На хаос нравственный воззренья



Мы поможем в написании ваших работ!


Мы поможем в написании ваших работ!



Мы поможем в написании ваших работ!


ЗНАЕТЕ ЛИ ВЫ?

На хаос нравственный воззренья



Не бросит мудрость Божества!»

Иван Карамазов: «...понимаешь ли ты эту ахинею, ...для чего эта ахинея так нужна и создана. Без нее, говорят, и пробыть бы не мог человек на земле, ибо не познал бы добра и зла. Для чего познавать это чертово добро и зло, когда это столького стоит?»[47] Бунту Ивана подобен мятеж (так он и назван в тексте диалога) героя «Веры и неверия». Два факта рождают мятеж — смерть и нравственно «смутная» жизнь человека. Смерть уже не является освобождающим «разрешеньем» смутных дней, но мятежным вопросом об их цели и замысле. Возникает проблема теодицеи, она составит сквозную тему у Баратынского, отливаясь в формулу оправдания Промысла.
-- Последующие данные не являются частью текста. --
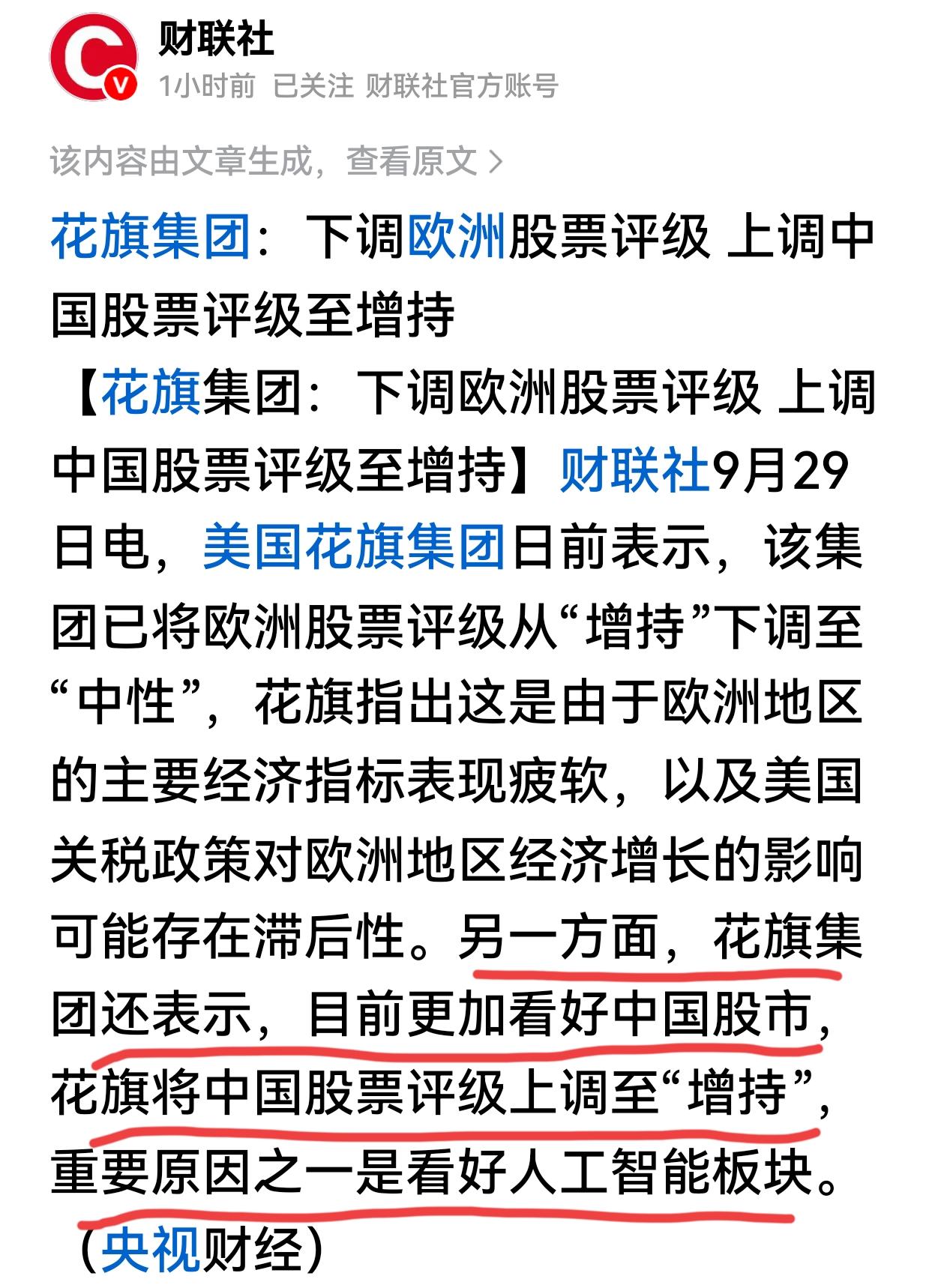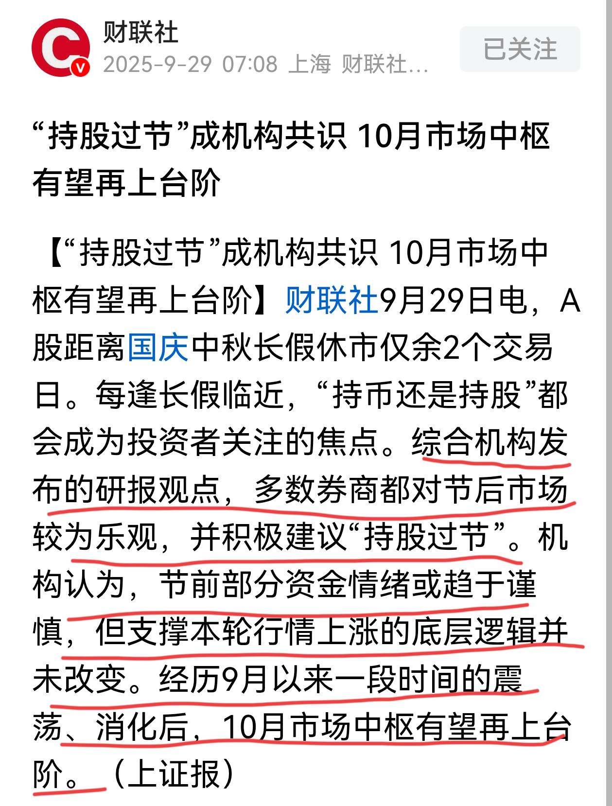 机构积极建议持股过节,高盛上调中国股票评级至增持,昨天三大股指全线上扬也印证了这一点。昨天市场情绪活跃,存储等热点亮眼,如果没有大金融压盘,破3900点都不会是问题,显示投资者不再纠结节后会否下跌,看好节后市场走势,觉得持股过节比踏空牛市要好。 每逢长假,投资人就会纠结于持股持币问题,这是A股多年现实教育的结果,原来的A股牛短熊长,尤其是近十年来就没有牛市,长期在3000点左右徘徊,没有趋势性的走势,市场易跌难涨,长假中稍有不利信息,节后股市就会下跌,所以处于风险控制考量,多数人选择持币过节比较安心。 这个国庆不一样了,A股处于从没有过的慢牛之中,向上趋势很明确,节后再上台阶是大概率事件,有什么理由不持股过节呢?机构看好股市、调高评级是有道理的,国家巩固资本市场回稳向好的势头,一揽子政策正在发酵,经济指标企稳转暖,科技突破给市场带来上涨动力,新“新三样”机器人、人工智能、创新药引领市场,开辟新的经济增长曲线。牛市正在途中,牛市中的心态自然不同,与牛市共舞方能分享牛市收益,持股是大多数人的选择。 祝大家国庆中秋快乐!愉快休假,节后收获!
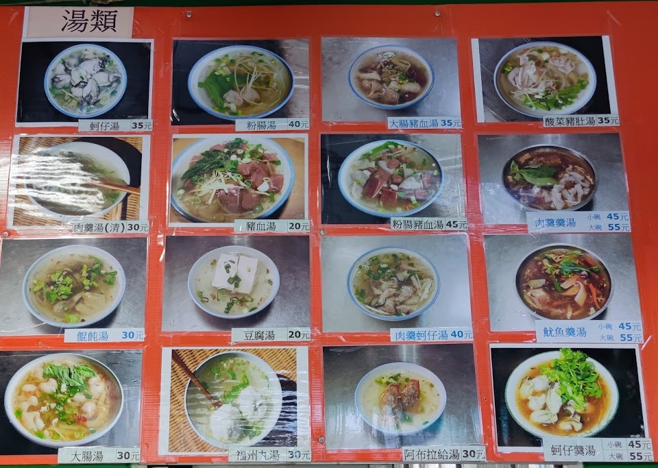 米糕 蚵仔湯 豬肚湯 大腸豬血湯 筒仔米糕 肉羹湯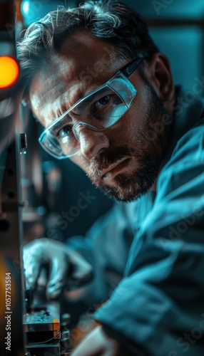 Focused CNC Machine Operator Wearing Safety Gear in an Industrial Setting for Professional Printing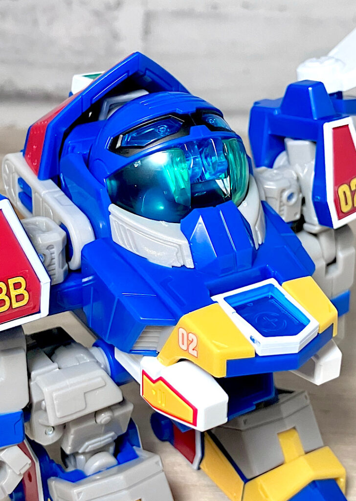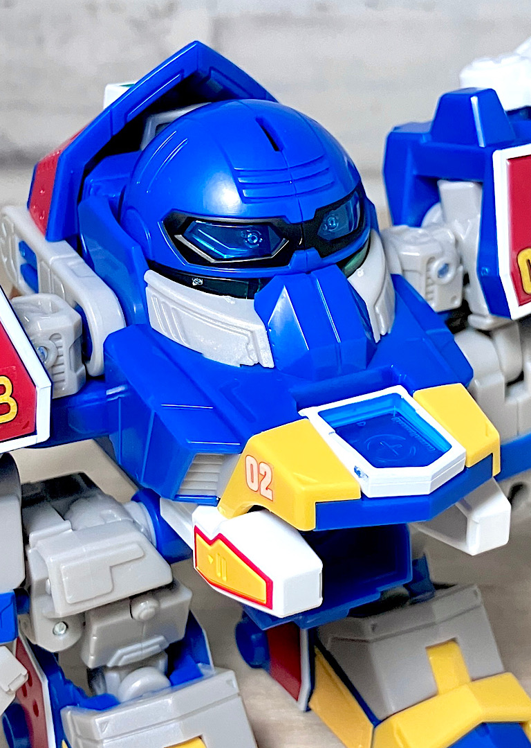 【アップ】ブルーブレイバーはバイザーが大きくビーダカプセルに被さっているため、顔はほとんど見えません。

В названных уже «Стансах» 1825 г. эта формула возникает впервые в умиротворенно-отрешенной редакции, соответствующей сбалансированной эпикурейско-стоической позе поэта в этом стихотворении: «Хвала вам, боги! предо мной Вы оправдалися отныне». Но в ином духовном контексте и иначе эта тема поднимается в «Вере и неверии»; уже не античные «боги», а персональный Творец мира должен оправдаться перед сердцем и умом человека, ибо он заподозрен в неправости и неблагости, в несовершенстве даже в сравнении с созданным им человеком, поскольку в пестром хаосе человечества есть и благие, правые люди. Свет бытия, при котором проходит жизнь человека, назван лукавым. Теодицея из проникнутого «равнодушием высоким» («Стансы», 1825) эпикурейско-стоического итога обращается в страстный вопрос и нравственное требование: нравственная тема возникает у Баратынского вместе с новым духовным контекстом этого диалога (контекст «философии христианской»: вспомним спор поэтов о «Смерти»). Разрешение вопроса переносится в проблематичное загробное будущее, к вере в которое, смиряя себя, герой с усилием заставляет себя возвратиться после мятежной речи:«Там, за могильным рубежом, Сияет день незаходимый, И оправдается Незримый Пред нашим сердцем и умом».В дальнейшем формула оправдания Творца возникнет в двух последних строфах «На смерть Гете» (о них у нас будет речь); наконец, в кульминационных строфах «Осени»:«Пред Промыслом оправданным ты ниц Падешь с признательным смиреньем,С надеждою, не видящей границ,И утоленным разуменьем...»Но сколько человеческой гордости даже и в этом смирении: человек склоняется перед Промыслом, оправданным им.«Много мятежных решил я вопросов» — будет сказано в заключившем путь поэта стихотворении, «Пироскафе». «Строгий и сумрачный поэт», как назвал его Гоголь[48], Баратынский решал мятежные вопросы и был мятежным поэтом.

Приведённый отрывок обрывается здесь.